Velocity information is obtained to the original difference on time dimension of the video behavior sequence based on skeleton, construction includes position and speed The behavior sequence of degree；

Respectively to the behavior sequence channel of position and speed using the described in any item step S1- step S5 of claim 1-5 into Row processing, obtains the feature vector of corresponding speed and the feature vector of corresponding position；

Described eigenvector is spliced to obtain splicing feature vector, the behavioural characteristic vector of extraction is velocity characteristic vector, position Feature vector and splicing feature vector.

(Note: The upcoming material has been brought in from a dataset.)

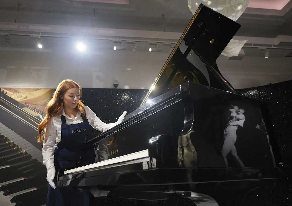 フレディ・マーキュリーが「ボヘミアン・ラプソディ」などの作曲に使ったグランドピアノ(Yui Mok/PA提供・AP)

7. a kind of behavioural characteristic extraction system based on space-time frequency domain blended learning, which is characterized in that obtained including video sequence Module, adaptive transformation module, frequency-selecting module, it is local with non local synchronous reasoning module, it is high-rise local reasoning module, complete Office's pond module, splicing module, output module；

The video sequence obtains module, is configured to obtain the video behavior sequence based on skeleton, as original video behavior sequence Column；

The adaptive transformation module is configured in time-space domain in such a way that augmentation optimizes, it is special to extract the first time-space domain behavior Sign figure；

The frequency-selecting module is configured to the first time-space domain behavioural characteristic figure feeding frequency domain noticing that network carries out frequency choosing It selects, the frequency domain behavioural characteristic figure of acquisition is transformed into time-space domain and is added with the first time-space domain behavioural characteristic figure, the second space-time is obtained Domain behavioural characteristic figure；

The part and non local synchronous reasoning module are configured to the part and non-of carrying out synchronous to the second time-space domain behavioural characteristic figure Local reasoning, and be added to obtain third time-space domain behavioural characteristic figure in a manner of residual error with the first time-space domain behavioural characteristic figure；

The high-rise local reasoning module is configured to carry out third time-space domain behavioural characteristic figure high-rise local reasoning, obtains the Four time-space domain behavioural characteristic figures；

The global pool module is configured to the 4th time-space domain behavioural characteristic figure group global pool it is special to obtain corresponding behavior Levy vector；

8. a kind of storage device, wherein being stored with a plurality of program, which is characterized in that described program is suitable for being loaded and being held by processor Row is to realize the behavioural characteristic extracting method described in any one of claims 1-6 based on space-time frequency domain blended learning.

9. a kind of processing unit, including

Processor is adapted for carrying out each program；And

Storage device is suitable for storing a plurality of program；

It is characterized in that, described program is suitable for being loaded by processor and being executed to realize:

Behavioural characteristic extracting method described in any one of claims 1-6 based on space-time frequency domain blended learning.